== Records shown ==
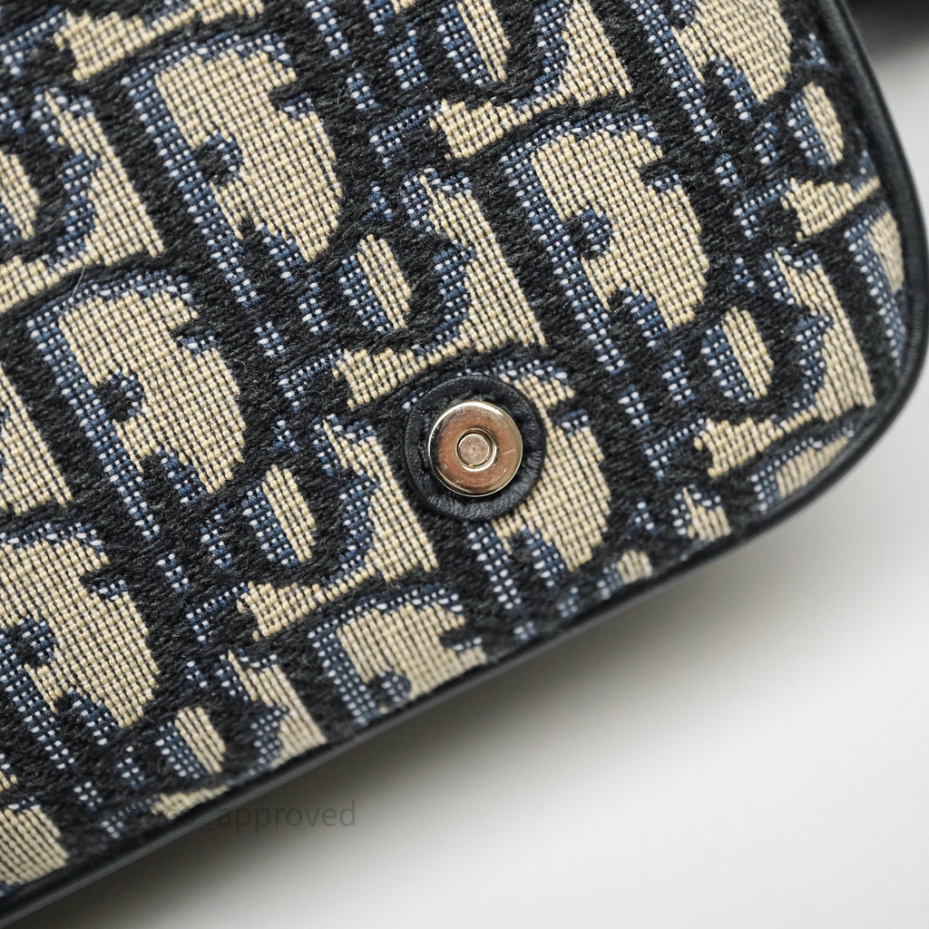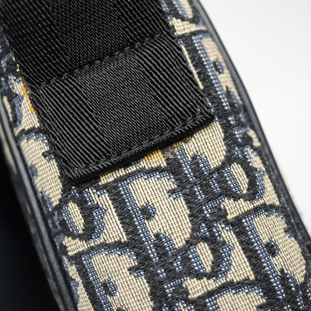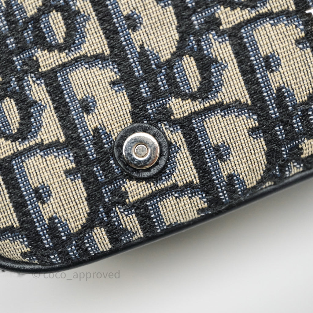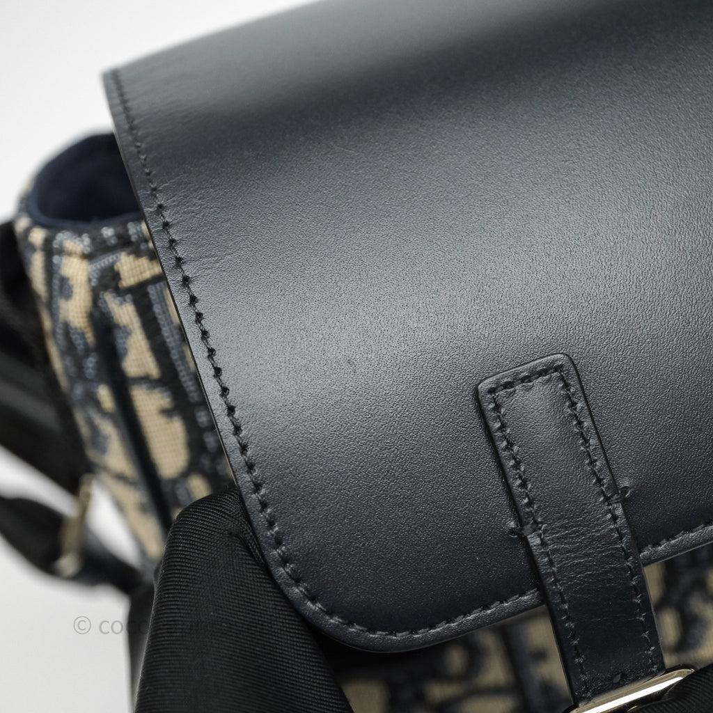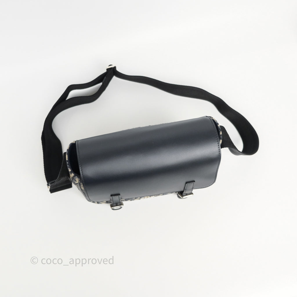 Christian Dior Messenger Bag in Blue Smooth Calfskin and Beige/ Black Dior Oblique Jacquard
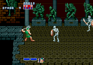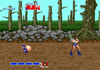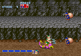 On peut également user de plusieurs sorts, différents selon les personnages : magie de la terre pour le barbare, du tonnerre pour le nain, du feu pour l'amazone. Leur utilisation est pour le moins originale : on commence par remplir une jauge grâce à des potions récupérées en bottant le cul de petits lutins qui passent de temps en temps à l'écran (toi aussi, pond tes idées de gameplay sous acides). Ensuite, plusieurs choix s'offrent à nous : soit on utilise souvent la magie et on est condamnés à lancer des petits sorts péteux, soit on attend que la jauge soit remplie pour se lâcher le slip. Et attention, les persos n'ont pas la même puissance: le nain n'a que trois crans dans sa jauge, quand l'amazone en a six.
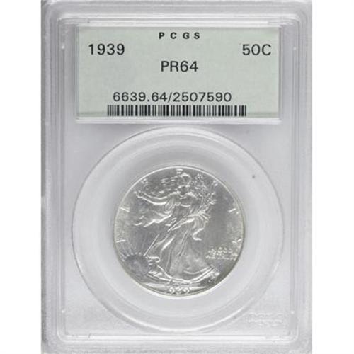 <B>1939 50C PR64 PCGS.</B></I> PCGS Population (542/1737). NGC Census: (250/1352). Mintage: 8,808. Numismedia Wsl. Price for NGC/PCGS coin in PR64: $650. (#6639)<BR><BR><B>Coin Engraver:</B> Adolph A. Weinman<BR><BR><b>Shipping:</b> Coins & Currency (<a target="_blank" href="http://www.heritageauctions.com/common/shipping.php">view shipping information</a>\)
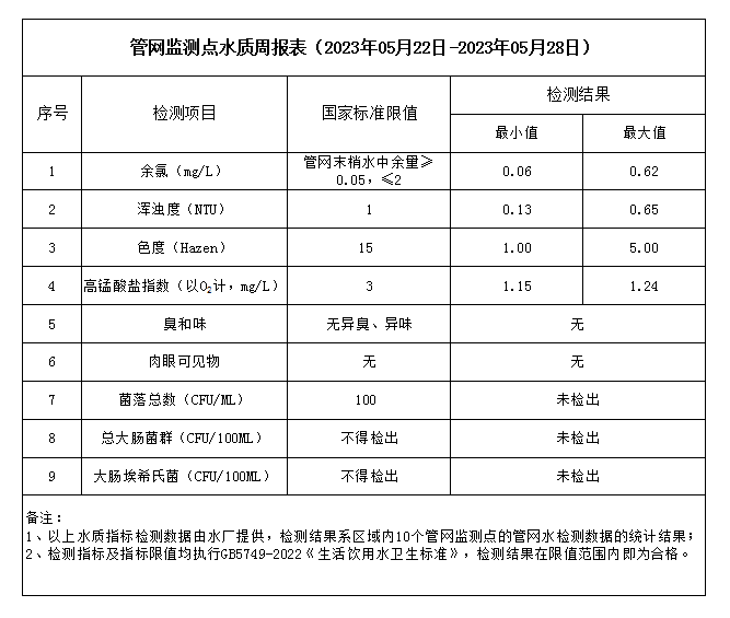 管網(wǎng)監(jiān)測(cè)點(diǎn)水質(zhì)周報(bào)表(2023年05月22日-2023年05月28日)
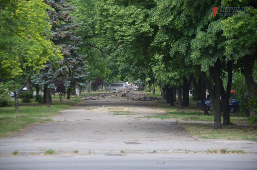 В рамках реконструкции предусмотрено удаление 41 старого дерева. Рабочие на объекты принялись избавляться от старых деревьев с самого утра. Фото с пеньками выложила в сеть запорожская экоактивистка Ирина Пирогова.
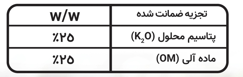 ۲۵ درصد پتاسیم با راندمان جذب بالا در این محلول باعث گردیده در زمان مصرف علاوه برنقش تغذیه ای پتاسیم در گیاه باعث افزایش مقاومت گیاه در مقابل انواع تنش های محیطی شده و این محصول را به عنوان یک محصول با خواص چندگانه تبدیل نموده است.

== Try it ==
Pictures do not belong in the copy. Reproduce the rest of the data exactly.

== Written solution ==
 Christian Dior Messenger Bag in Blue Smooth Calfskin and Beige/ Black Dior Oblique Jacquard
 On peut également user de plusieurs sorts, différents selon les personnages : magie de la terre pour le barbare, du tonnerre pour le nain, du feu pour l'amazone. Leur utilisation est pour le moins originale : on commence par remplir une jauge grâce à des potions récupérées en bottant le cul de petits lutins qui passent de temps en temps à l'écran (toi aussi, pond tes idées de gameplay sous acides). Ensuite, plusieurs choix s'offrent à nous : soit on utilise souvent la magie et on est condamnés à lancer des petits sorts péteux, soit on attend que la jauge soit remplie pour se lâcher le slip. Et attention, les persos n'ont pas la même puissance: le nain n'a que trois crans dans sa jauge, quand l'amazone en a six.
 <B>1939 50C PR64 PCGS.</B></I> PCGS Population (542/1737). NGC Census: (250/1352). Mintage: 8,808. Numismedia Wsl. Price for NGC/PCGS coin in PR64: $650. (#6639)<BR><BR><B>Coin Engraver:</B> Adolph A. Weinman<BR><BR><b>Shipping:</b> Coins & Currency (<a target="_blank" href="http://www.heritageauctions.com/common/shipping.php">view shipping information</a>\)
 管網(wǎng)監(jiān)測(cè)點(diǎn)水質(zhì)周報(bào)表(2023年05月22日-2023年05月28日)
 В рамках реконструкции предусмотрено удаление 41 старого дерева. Рабочие на объекты принялись избавляться от старых деревьев с самого утра. Фото с пеньками выложила в сеть запорожская экоактивистка Ирина Пирогова.
 ۲۵ درصد پتاسیم با راندمان جذب بالا در این محلول باعث گردیده در زمان مصرف علاوه برنقش تغذیه ای پتاسیم در گیاه باعث افزایش مقاومت گیاه در مقابل انواع تنش های محیطی شده و این محصول را به عنوان یک محصول با خواص چندگانه تبدیل نموده است.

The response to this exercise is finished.